= PROBLEM STATEMENT =
In the records below, find the line that contains "Adjustable & Removable" and the line that contains "Next stop was". Set down exactly those lines and every line between them, and nothing more.

= WORKING DATA =
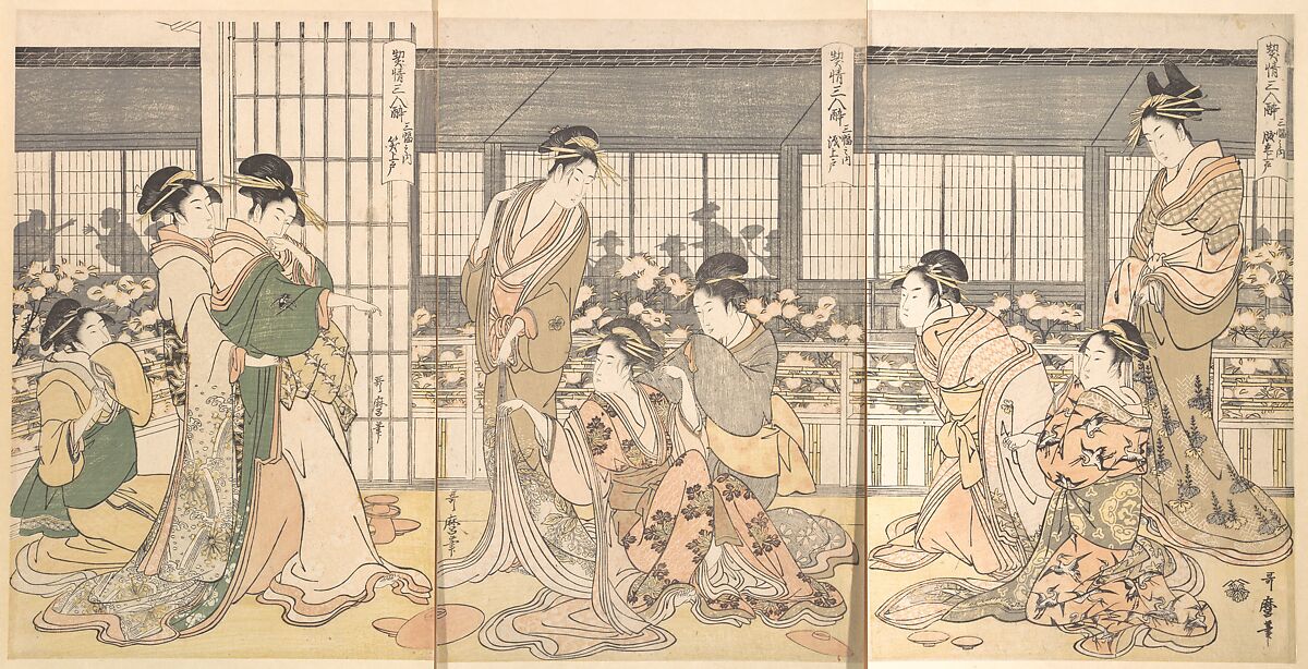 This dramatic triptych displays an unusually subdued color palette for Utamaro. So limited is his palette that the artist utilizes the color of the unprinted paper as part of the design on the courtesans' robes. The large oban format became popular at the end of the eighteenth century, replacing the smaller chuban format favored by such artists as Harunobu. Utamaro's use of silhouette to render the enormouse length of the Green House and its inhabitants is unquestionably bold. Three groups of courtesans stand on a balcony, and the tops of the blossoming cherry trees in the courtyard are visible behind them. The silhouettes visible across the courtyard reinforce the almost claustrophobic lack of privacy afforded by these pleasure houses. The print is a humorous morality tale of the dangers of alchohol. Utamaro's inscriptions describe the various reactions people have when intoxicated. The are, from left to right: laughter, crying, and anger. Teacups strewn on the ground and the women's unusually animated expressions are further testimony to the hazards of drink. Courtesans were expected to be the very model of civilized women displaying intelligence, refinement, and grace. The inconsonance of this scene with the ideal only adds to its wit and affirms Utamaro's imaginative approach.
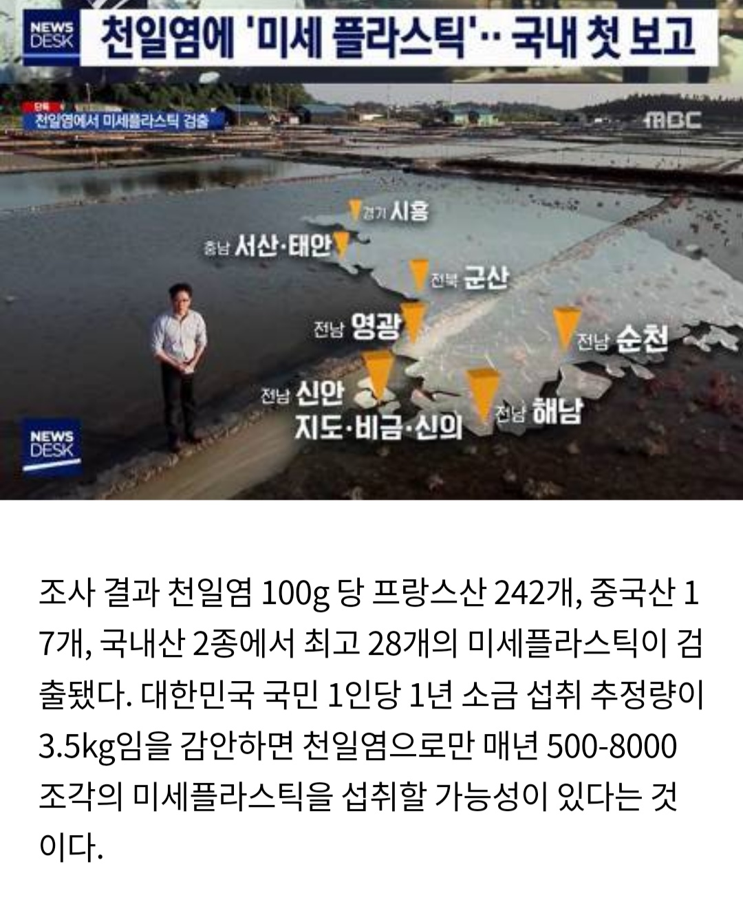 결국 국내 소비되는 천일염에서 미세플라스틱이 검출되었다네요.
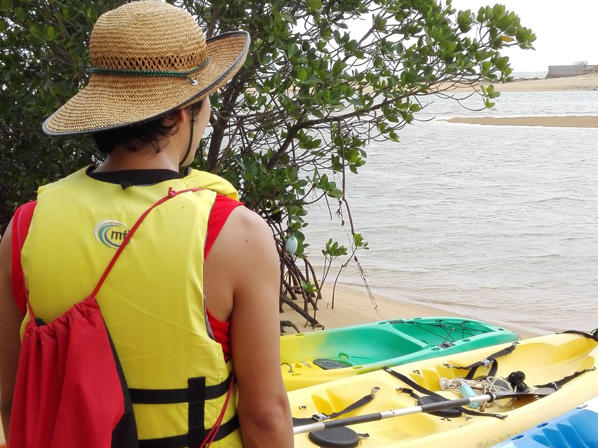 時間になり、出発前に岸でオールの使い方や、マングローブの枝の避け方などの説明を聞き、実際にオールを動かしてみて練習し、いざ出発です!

* * *

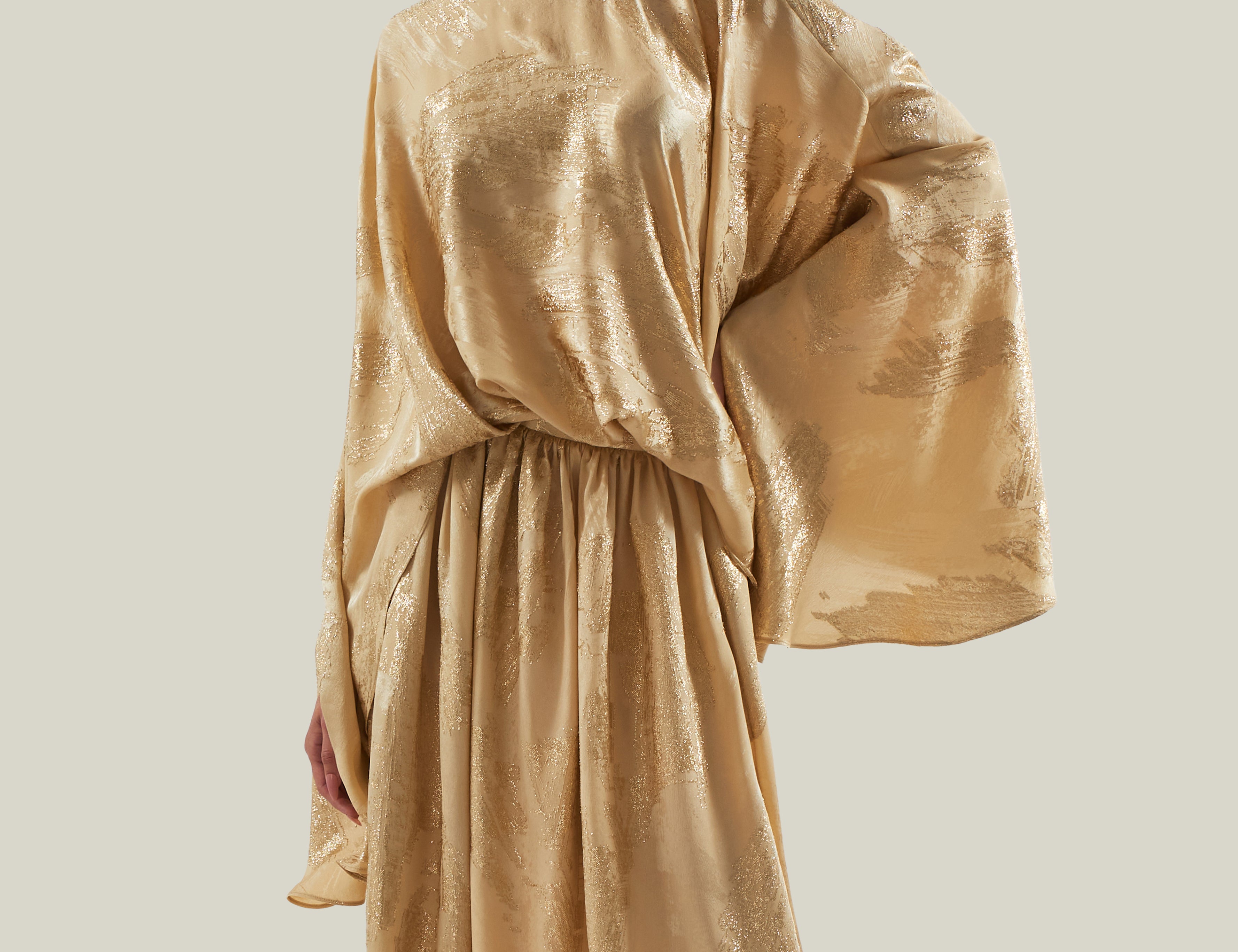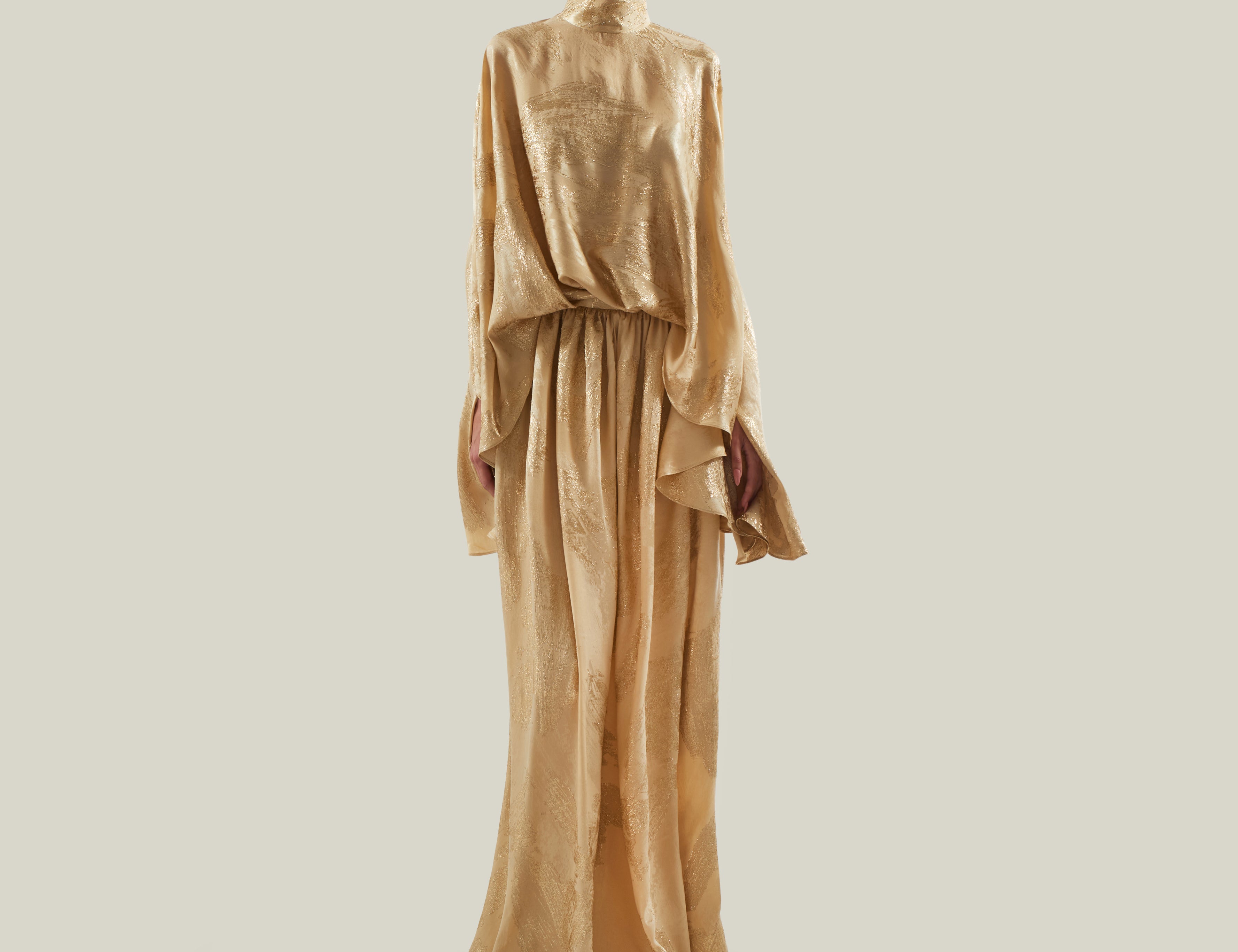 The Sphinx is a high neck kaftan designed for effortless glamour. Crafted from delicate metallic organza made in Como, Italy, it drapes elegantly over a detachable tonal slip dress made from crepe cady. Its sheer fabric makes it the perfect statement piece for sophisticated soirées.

---

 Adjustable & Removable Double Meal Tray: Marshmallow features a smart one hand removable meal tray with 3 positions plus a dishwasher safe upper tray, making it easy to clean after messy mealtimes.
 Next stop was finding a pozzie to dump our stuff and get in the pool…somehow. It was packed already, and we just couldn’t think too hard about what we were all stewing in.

= ANSWER SPACE =
 Adjustable & Removable Double Meal Tray: Marshmallow features a smart one hand removable meal tray with 3 positions plus a dishwasher safe upper tray, making it easy to clean after messy mealtimes.
 Next stop was finding a pozzie to dump our stuff and get in the pool…somehow. It was packed already, and we just couldn’t think too hard about what we were all stewing in.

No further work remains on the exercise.